In underground operations such as coal mines and metal mines, the safety monitoring of mine gas (such as methane, carbon monoxide, carbon dioxide, etc.) is crucial. As the core detection equipment, the mine gas chromatograph often faces harsh environmental challenges such as high humidity, high dust, large temperature differences, and strong vibrations. If not maintained properly, it can not only lead to data deviation, but also potentially cause security risks. Therefore, maintenance techniques for special working conditions need to start from details and build a full process system of "prevention cleaning calibration protection".
1、 Environmental Control: The 'First Line of Defense' for Isolating Adverse Factors
The core threats to the mining environment are dust and moisture. The instrument should be placed in a sealed dust-proof box or equipped with a high-efficiency particulate air filter (HEPA) to reduce dust intrusion into key components such as chromatography columns and injection ports; At the same time, configure temperature and humidity control devices (such as small dehumidifiers+heating modules) to stabilize the working environment at a temperature of 15-30 ℃ and a humidity of ≤ 60% RH, avoiding electronic components from being short circuited due to moisture or chromatographic column stationary phase loss. For high-frequency vibration scenarios (such as moving detection with mining cars), shock absorbers need to be installed to reduce the impact of mechanical vibration on the sensitivity of detectors (such as FID, TCD).

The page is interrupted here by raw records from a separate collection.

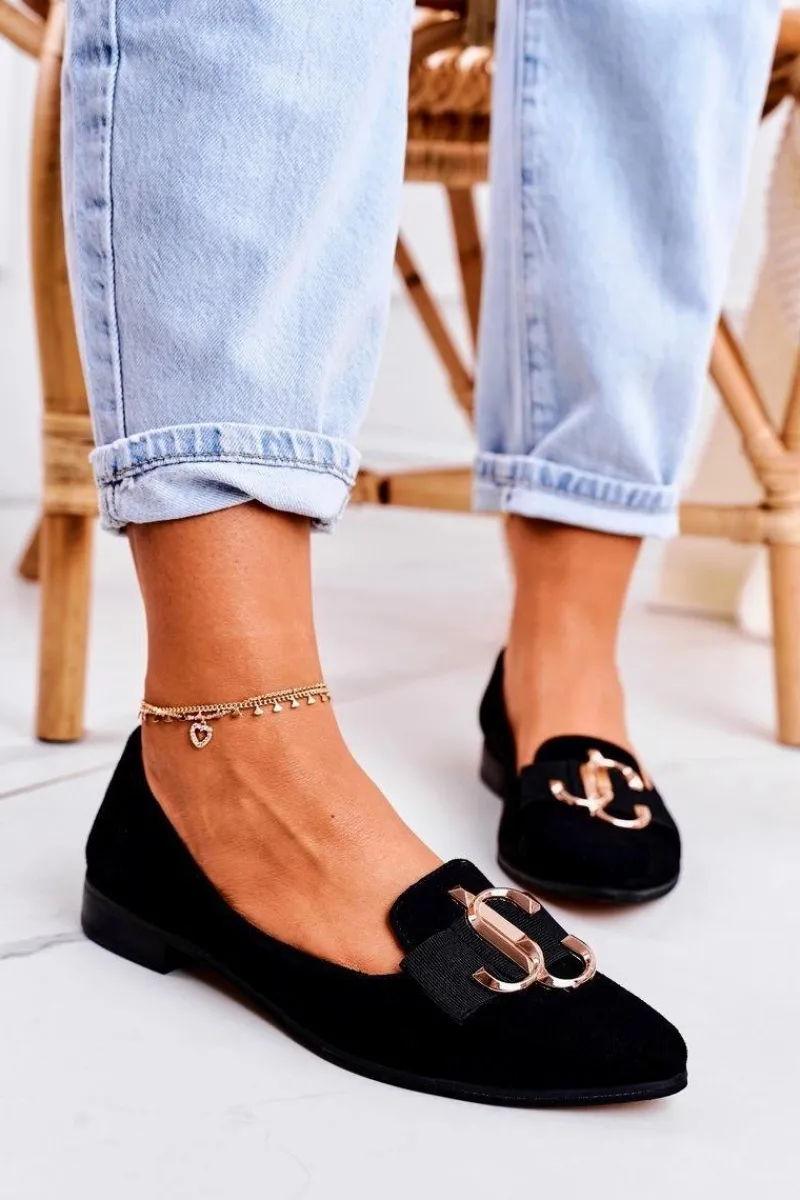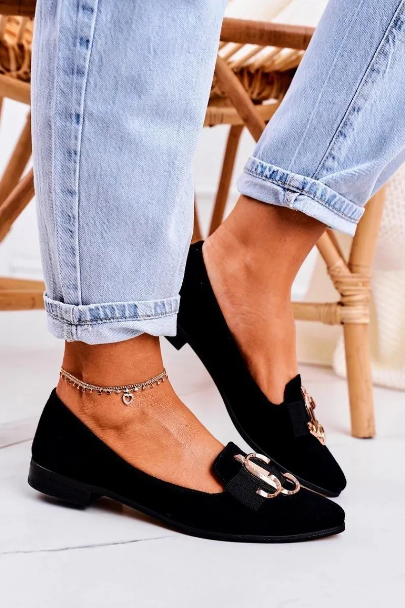 Discount Boto Damskie Zamszowe Mokasyny Baleriny Czarne Mary-Jane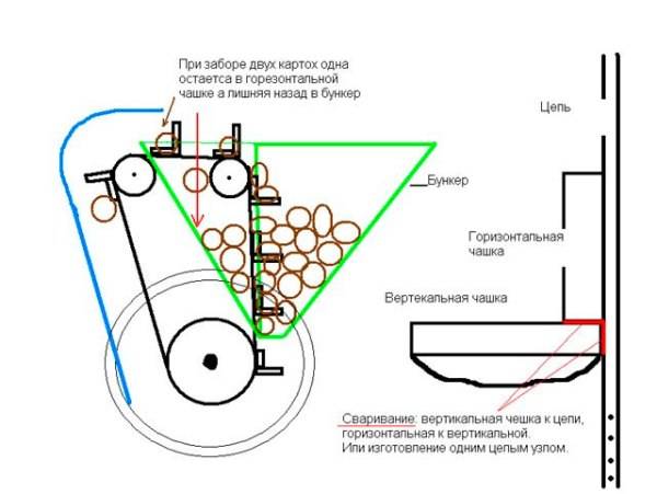 - El número de tazones se calcula para que los tubérculos caigan al surco cada 25-30 cm, esto se hace de forma empírica, ya que todo depende del diámetro de las estrellas y de la longitud de la cadena. Los cuencos terminados se sueldan a los eslabones de la cadena a la misma distancia.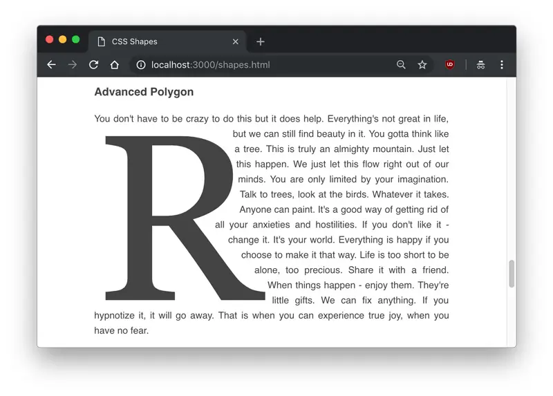 CSS Shapes allow us to define geometric shapes that text can flow around. These shapes can be circles, ellipses, simple or complex polygons, and even images and gradients. A few practical design applications of Shapes might be displaying circular text around a circular avatar, displaying text over the simple part of a full-width background image, and displaying text flowing around drop caps in an article.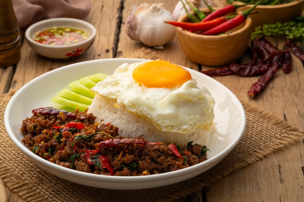 A classic Pad Kra Pao meal: spicy stir-fried pork with holy basil leaves over rice, crowned with a crispy fried egg. When Thai office workers line up at street stalls during lunch, they often order Pad Kra Pao. This simple yet irresistible dish is a stir-fry of meat with holy basil, considered one of Thailand’s quintessential street meals. Typically made with minced pork (“moo”) or chicken (“gai”), it’s quickly wok-fried with plenty of garlic, fresh chillies, and a big handful of fragrant holy basil leaves, along with seasonings like soy sauce, oyster sauce, and fish sauce. Pad Kra Pao is the ultimate comfort food for many Thais- spicy, garlicky, and hearty, with the aromatic peppery kick of basil.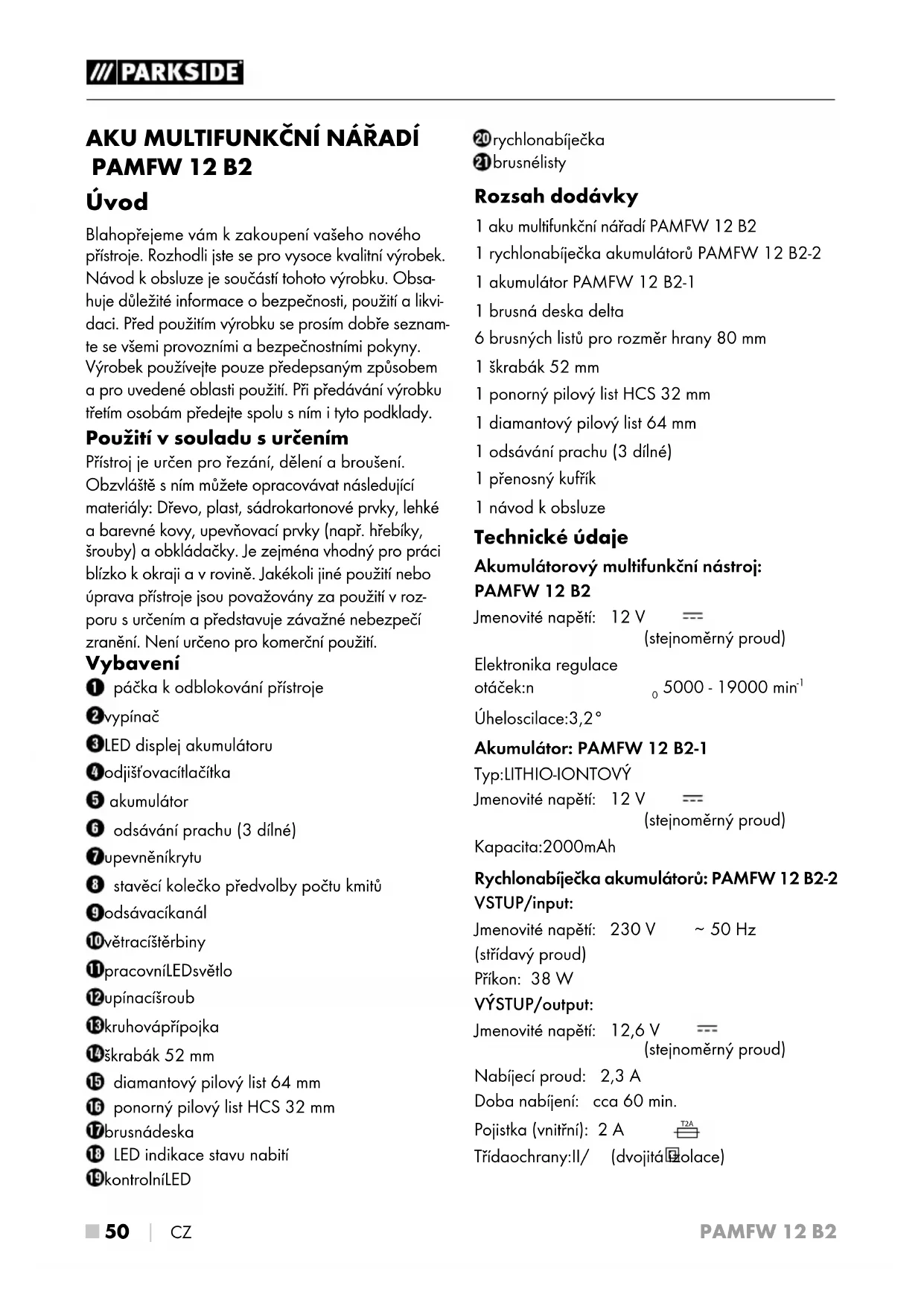 Úhel oscilace: 3,2° Akumulátor: PAMFW 12 B2-1 Typ: LITHIO-IONTOVÝ Jmenovité napětí: 12 V (stejnoměrný proud) Kapacita: 2000 mAh Rychlonabíječka akumulátorů: PAMFW 12 B2-2 VSTUP/input: Jmenovité napětí: 230 V

2、 Daily cleaning: the key action to prevent pollution accumulation
Dust and water vapor are prone to adhere to the injection pad, chromatographic column interface, and detector surface. The "three-step cleaning method" should be performed after daily operation: ① Disassemble the injection pad, wipe the inner wall of the injection port with anhydrous ethanol, and replace the aging gasket (recommended to replace every 50 injections or every 3 months); ② Clean the interface at both ends of the chromatography column with a soft bristled brush to avoid dust blocking the flow path; ③ The detector (such as FID nozzle) needs to be unblocked with fine copper wire and cleaned with ultrasonic cleaning (frequency 40kHz, time 10 minutes) to prevent carbon deposition from affecting signal response. Attention: Power off and wear anti-static gloves during cleaning to avoid static electricity breakdown of the circuit.
3、 Regular calibration: the lifeline to ensure accurate data
Adverse environments can accelerate instrument performance drift, and it is necessary to shorten the calibration cycle to half of the regular environment (such as once a month). Before calibration, sufficient preheating (≥ 2 hours) is required, and the stability of retention time and peak area should be verified using standard gases (such as methane 1000ppm, CO 500ppm). If the deviation exceeds ± 5%, the carrier gas flow rate, column temperature program, or chromatographic column should be readjusted. In addition, it is necessary to check the sealing of the gas path every quarter (leakage rate detected by soap film flowmeter<0.1mL/min) to prevent high concentration components in the mine gas from contaminating the carrier gas system through reverse osmosis.
4、 Long term protection: a "strategy" to extend lifespan
During non work periods, the instrument should be stored in a drying cabinet (with a built-in silicone desiccant) and the gas and power sources should be disconnected; Run the 'self-test program' once a month to activate electronic components. For key components such as chromatography columns and detectors, specialized protective grease (temperature resistant -20~150 ℃) can be applied to reduce oxidation and corrosion.
The maintenance of mine gas chromatographs is essentially a "dynamic game" with harsh environments. Through targeted protection, refined cleaning, and high-frequency calibration, the reliability of monitoring data can be ensured, and technical barriers can be built for mine safety.